Looking for a weekend trip.
LOVE to clean boats and help pay for whatever is needed:thumbup:


----------



## purple haze (Sep 2, 2013)

gulfbreezetom. Sorry we are full most week ends But we do have an open seat from time to time in the middle of the week. If this is some thing that might work for you give us a shout. We always leave from the Pensacola Pass. Hours are from sunrise to sunset. Slit cost and you are more then welcome to help clean the boat.


----------



## gulfbreezetom (Jun 12, 2012)

Purple - I will be retiring and available for fishing 7 days a week starting Sep 1st.
Can't wait! Thank you for the kind offer. I will take you up on it for sure!


----------



## Mac1528 (Mar 24, 2012)

Congrats gbt! Hope you enjoy every day of it.


----------



## gulfbreezetom (Jun 12, 2012)

Thanks MAC, looking forward to it!


----------



## tkh329 (Mar 14, 2012)

GBT, any particular kind of fishing? I've got a 22' bay boat and wouldn't mind meeting some reliable folks that need a ride!

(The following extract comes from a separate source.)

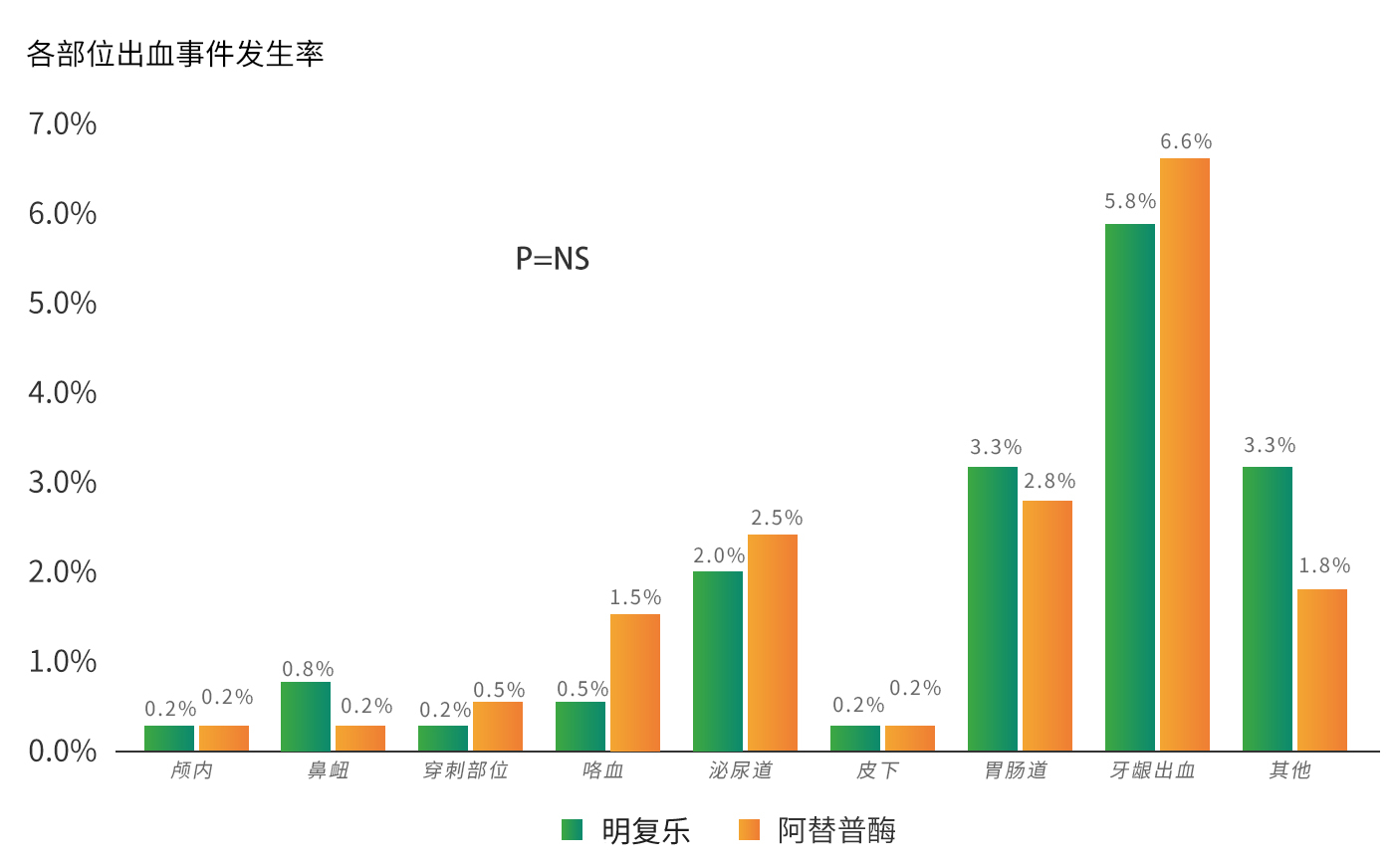 安全性結(jié)果顯示:明復(fù)樂出血風(fēng)險(xiǎn)低,安全性與阿替普酶相當(dāng)

Sent from my iPhone using Tapatalk


----------



## gulfbreezetom (Jun 12, 2012)

Mostly inshore. Been hunting the elusive 30" trout. Catching 40 every morning I go. Would rather fish out of a boat Instead of my wet kayak. Can go Fri, sat, Sun this week. Text me at 850-542-5439. Split gas/cleaning.


----------



## Mac1528 (Mar 24, 2012)

Hey GBT, what bay you usually fish in. I'll be down in August, staying in Perdido Key with my boat and maybe we can go out. I'll give you a text when I get down there!


----------